Re: [dm-devel] [PATCH] dm: noflush resizing (0/3)
On Thu, Oct 25, 2007 at 10:18:02AM -0400, Jun'ichi Nomura wrote: > There is no guarantee that the I/O flowing through the device again. > The table might need be replaced again, but to do that, the resume > should have been completed to let the userspace know it. Then the first attempt to set the size could be made to fail (because it could not get the lock immediately) and the size could be set after the second resume instead. - Setting the size would lag behind the actual size the dm table was supporting, but (given the usage cases discussed) this would not matter. > bdget() in noflush suspend has a possibility of stall.
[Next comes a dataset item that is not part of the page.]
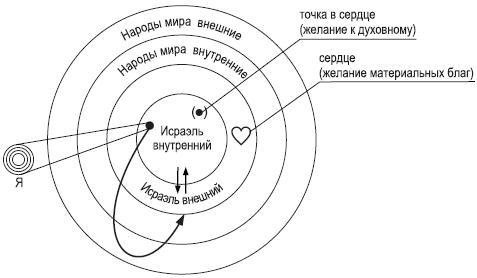 Есть бней-Исраэль, состоящие из внутренней части и внешней. Те, кто находятся внутри, понимают – ведь у них есть точка в сердце (желание к духовному). В тех, кто находится во внешней части, есть сердце (желание материальных благ) и проведена подготовка к проявлению точки в сердце, но эта точка пока не раскрыта (см. рисунок на стр. 100).
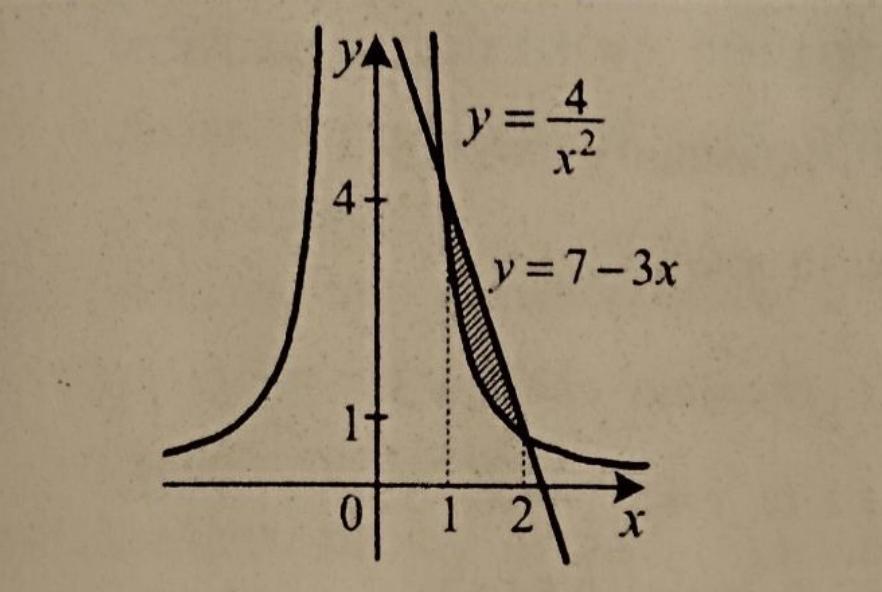 S=∫(1;2)(7-3x)dx - ∫(1;2)(4/x^2)dx = 5/2-2 = 1/2 кв.ед.

So we cannot avoid fixing that: we require immediate return with failure instead of waiting. > OTOH, calling bdget() and i_size_write() outside of the lock > can cause race with other table swapping and may result in setting > wrong device size. If the size setting is removed from the lock, then it becomes "set the inode size to match the current size of the table" and races would not matter - each "set size" attempt would set it to the instantaneous live table size, not a cached value that could be out-of-date. Alasdair -- [EMAIL PROTECTED] - To unsubscribe from this list: send the line "unsubscribe linux-kernel" in the body of a message to [EMAIL PROTECTED] More majordomo info at http://vger.kernel.org/majordomo-info.html Please read the FAQ at http://www.tux.org/lkml/
Re: [dm-devel] [PATCH] dm: noflush resizing (0/3)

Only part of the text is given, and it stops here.